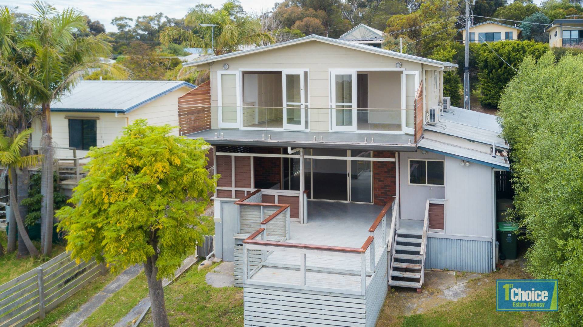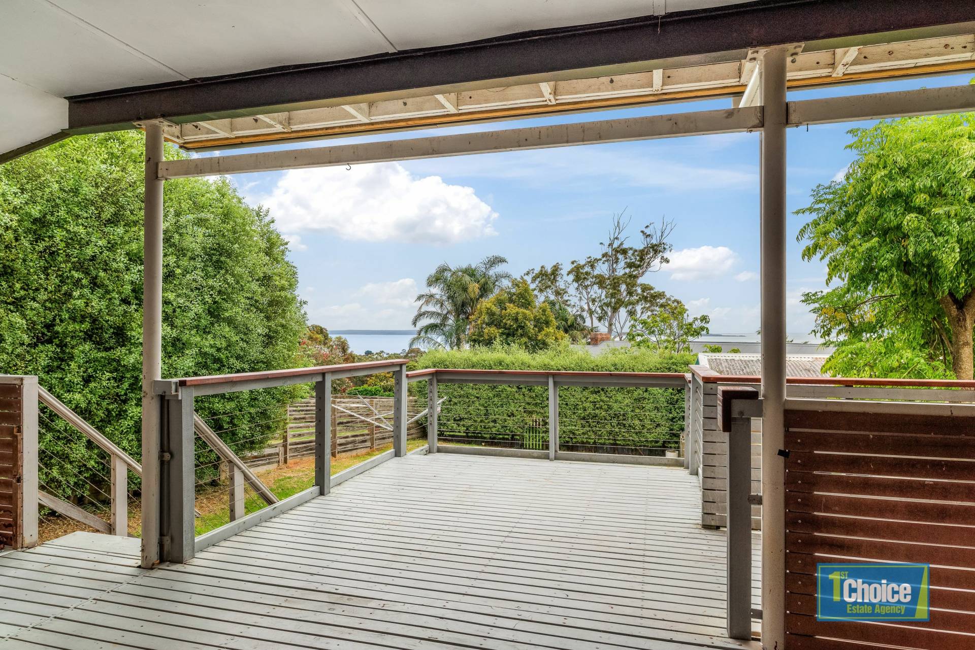 Nestled in an elevated and sought after location this 3 bedroom two storey home boasts 180 degree vistas of Westernport Bay.  Arriving at the property you are welcomed by a beautiful palm tree adding to the appeal of the home.   Entering through the front door you are greeted by a spacious living area flowing out to the large entertainment deck ideal for those family gatherings or just enjoying your morning coffees and sunrise over the bay.   The well appointed kitchen is equipped with electric cooking, plus 2 gas burners, rangehood, dishwasher, overhead cupboards, plenty of drawers, pantry and tiled splashback.
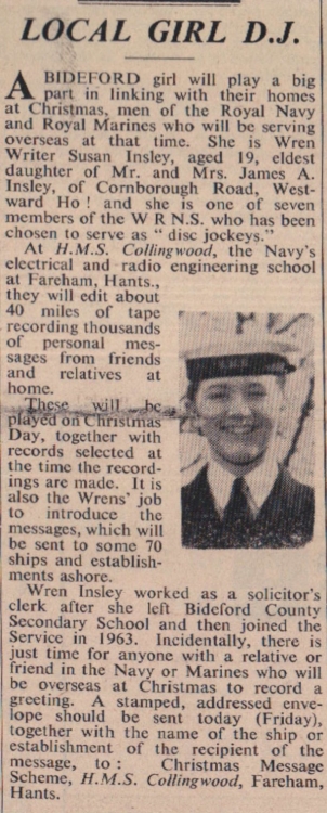 Local girl DJ. Wren Writer Susan Insley, eldest daughter of Mr and Mrs James A Insley, of Cornborough Road, Westward Ho! is one of seven members of the WRNS who has been chosen to serve as ‘disc jockeys.’
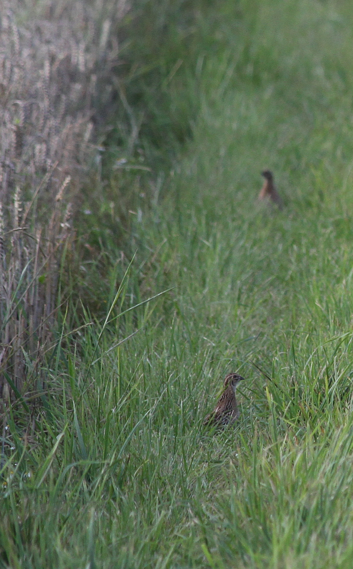 - mind. 3 Wachteln, rufend (zwei Wachteln konnte ich mehrere Minuten lang sehr schön beobachten wie sie auf einem Feldweg umherliefen und sangen/schlugen) s. Bild
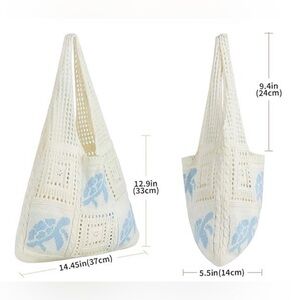 Crochet Tote Bag is perfect for your next adventure! This crochet icon tote bag is made of high-quality and lightweight material and easily opens to a large spacious main compartment, ready to store all your necessities. The crochet style and cute Turtle 🐢 print detail elevates any outfit with this unique design.
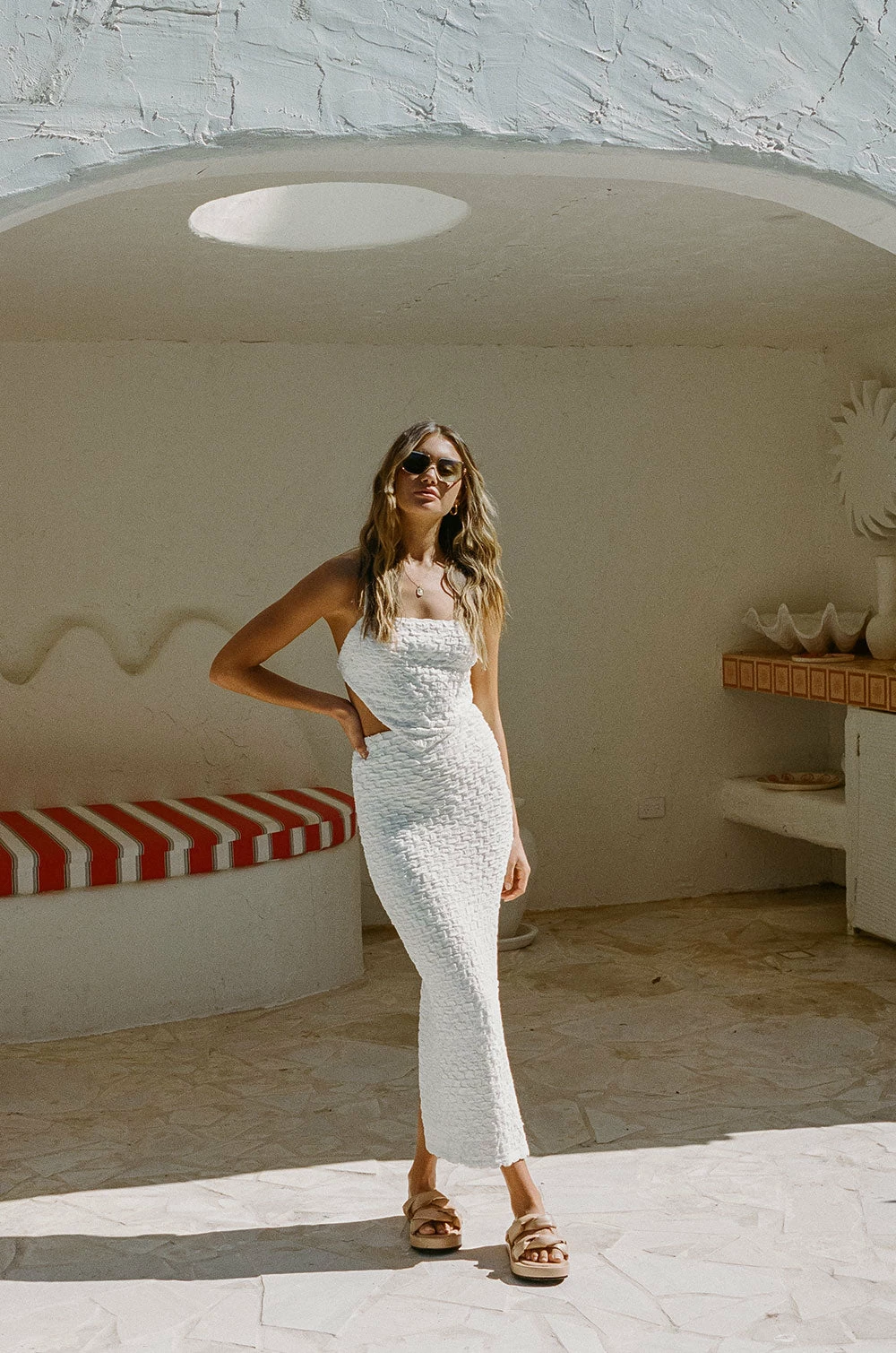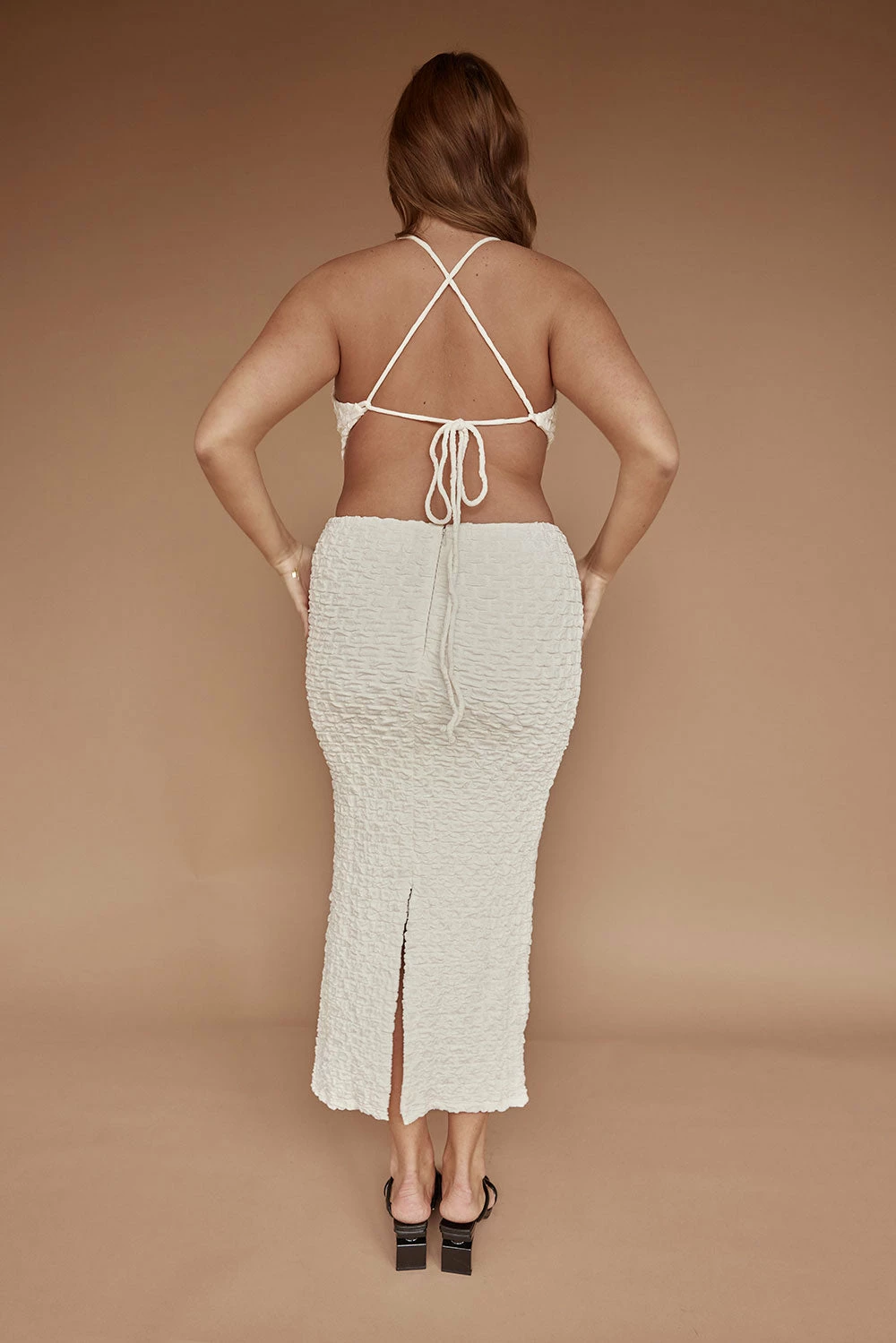 Obsessed with this fabric! The Zantina Maxi Skirt is made from a textured bubble cotton blend fabric in an off white hue. It is a high waisted fitted style with a centre back split. Get the set and pair with the Backless Wren Top! Designed exclusively by Sabo.
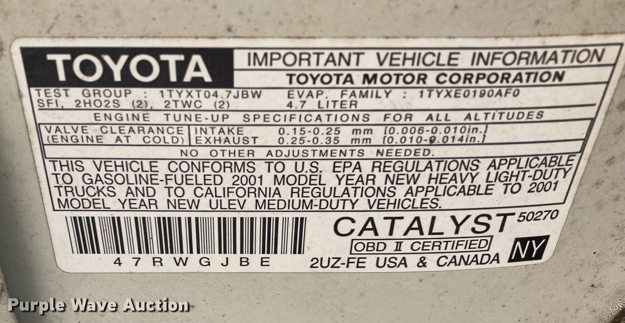 Take a look at this used 2001 Toyota Sequoia SUV being sold on July 19th, 2023 in the SOLD! July 19 Vehicles and Equipment Auction made by Toyota. Take a look at all of the item information below or take a look at similar auctions for Passenger Vehicles.
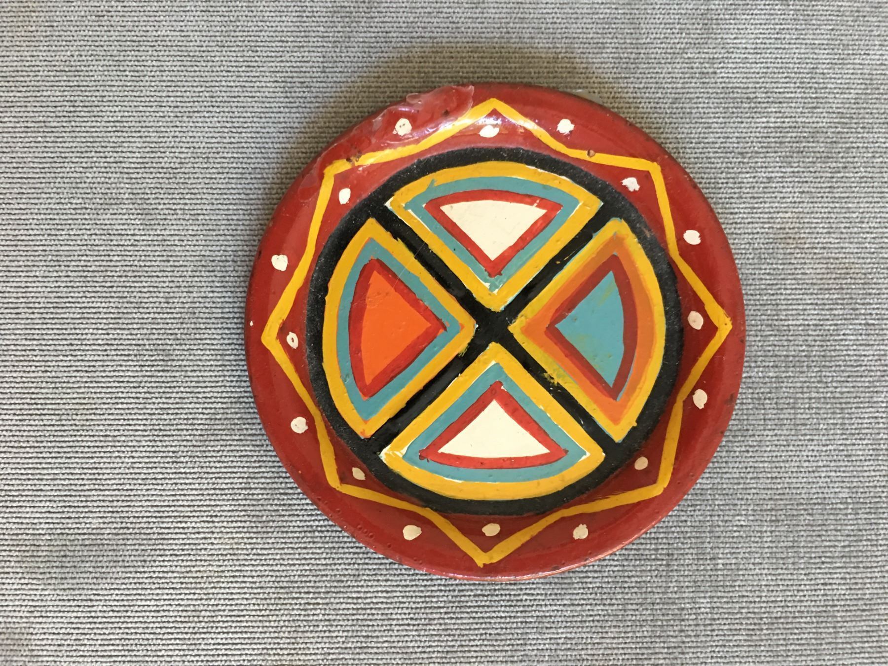 Will Evans (1877-1954). Painted tin lid, tin, all polychrome painted in a geometric design.
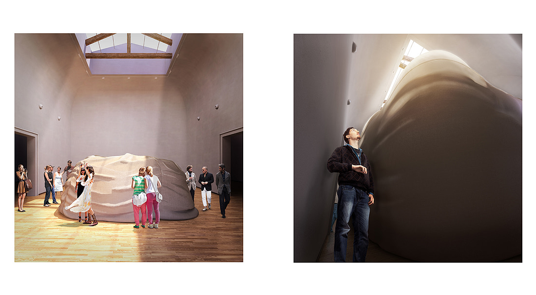 To reduce the interior air volume of the piece, the inflatable object would be built with a void in
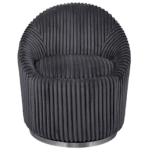 UttermostA Contemporary Accent With A Modern Edge, This Chair Is Upholstered In A Luxurious Fluted Gunmetal Chenille Fabric And Is Accented By A Stainless S...
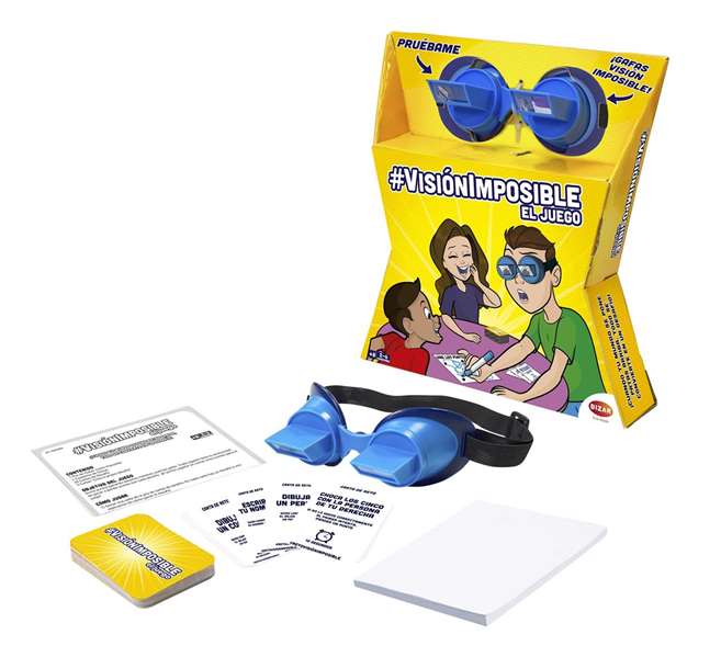 - Contenido caja: 1 par de Gafas Visión Imposible, 1 cuaderno de dibujo, 25 cartas de desafío, 5 cartas Crea tu propio desafío". "
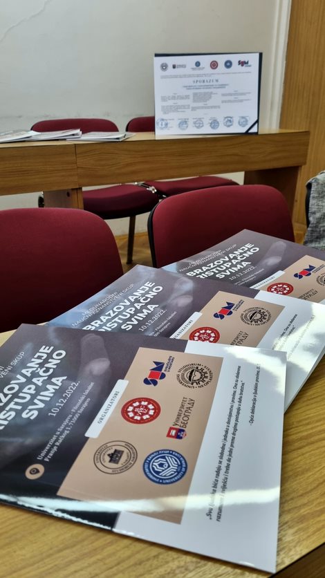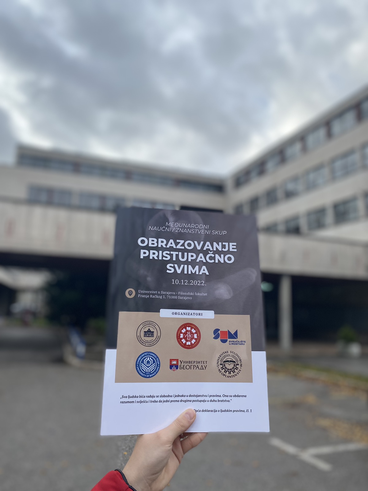 U subotu 10. 12. 2022. godine na Filozofskom fakultetu Univerziteta u Sarajevu održan je međunarodni naučni/znanstveni skup „Obrazovanje pristupačno svima“ koji su otvorili Veronika Vashchenko, zamjenica predstavnice UNICEF-a Bosne i Hercegovine, prof. dr. Rifat Škrijelj, rektor Univerziteta u Sarajevu, i prof. dr. Lejla Kafedžić, predstavnica ureda/centara za podršku studentima (sa invaliditetom) univerziteta/sveučilišta iz Bosne i Hercegovine i Srbije.

▬▬▬▬▬▬

WHAT YOU HAVE TO DO
Go through the entries above and print each one exactly, minus the pictures.

ANSWER TO THE PROBLEM
 Nestled in an elevated and sought after location this 3 bedroom two storey home boasts 180 degree vistas of Westernport Bay.  Arriving at the property you are welcomed by a beautiful palm tree adding to the appeal of the home.   Entering through the front door you are greeted by a spacious living area flowing out to the large entertainment deck ideal for those family gatherings or just enjoying your morning coffees and sunrise over the bay.   The well appointed kitchen is equipped with electric cooking, plus 2 gas burners, rangehood, dishwasher, overhead cupboards, plenty of drawers, pantry and tiled splashback.
 Local girl DJ. Wren Writer Susan Insley, eldest daughter of Mr and Mrs James A Insley, of Cornborough Road, Westward Ho! is one of seven members of the WRNS who has been chosen to serve as ‘disc jockeys.’
 - mind. 3 Wachteln, rufend (zwei Wachteln konnte ich mehrere Minuten lang sehr schön beobachten wie sie auf einem Feldweg umherliefen und sangen/schlugen) s. Bild
 Crochet Tote Bag is perfect for your next adventure! This crochet icon tote bag is made of high-quality and lightweight material and easily opens to a large spacious main compartment, ready to store all your necessities. The crochet style and cute Turtle 🐢 print detail elevates any outfit with this unique design.
 Obsessed with this fabric! The Zantina Maxi Skirt is made from a textured bubble cotton blend fabric in an off white hue. It is a high waisted fitted style with a centre back split. Get the set and pair with the Backless Wren Top! Designed exclusively by Sabo.
 Take a look at this used 2001 Toyota Sequoia SUV being sold on July 19th, 2023 in the SOLD! July 19 Vehicles and Equipment Auction made by Toyota. Take a look at all of the item information below or take a look at similar auctions for Passenger Vehicles.
 Will Evans (1877-1954). Painted tin lid, tin, all polychrome painted in a geometric design.
 To reduce the interior air volume of the piece, the inflatable object would be built with a void in
 UttermostA Contemporary Accent With A Modern Edge, This Chair Is Upholstered In A Luxurious Fluted Gunmetal Chenille Fabric And Is Accented By A Stainless S...
 - Contenido caja: 1 par de Gafas Visión Imposible, 1 cuaderno de dibujo, 25 cartas de desafío, 5 cartas Crea tu propio desafío". "
 U subotu 10. 12. 2022. godine na Filozofskom fakultetu Univerziteta u Sarajevu održan je međunarodni naučni/znanstveni skup „Obrazovanje pristupačno svima“ koji su otvorili Veronika Vashchenko, zamjenica predstavnice UNICEF-a Bosne i Hercegovine, prof. dr. Rifat Škrijelj, rektor Univerziteta u Sarajevu, i prof. dr. Lejla Kafedžić, predstavnica ureda/centara za podršku studentima (sa invaliditetom) univerziteta/sveučilišta iz Bosne i Hercegovine i Srbije.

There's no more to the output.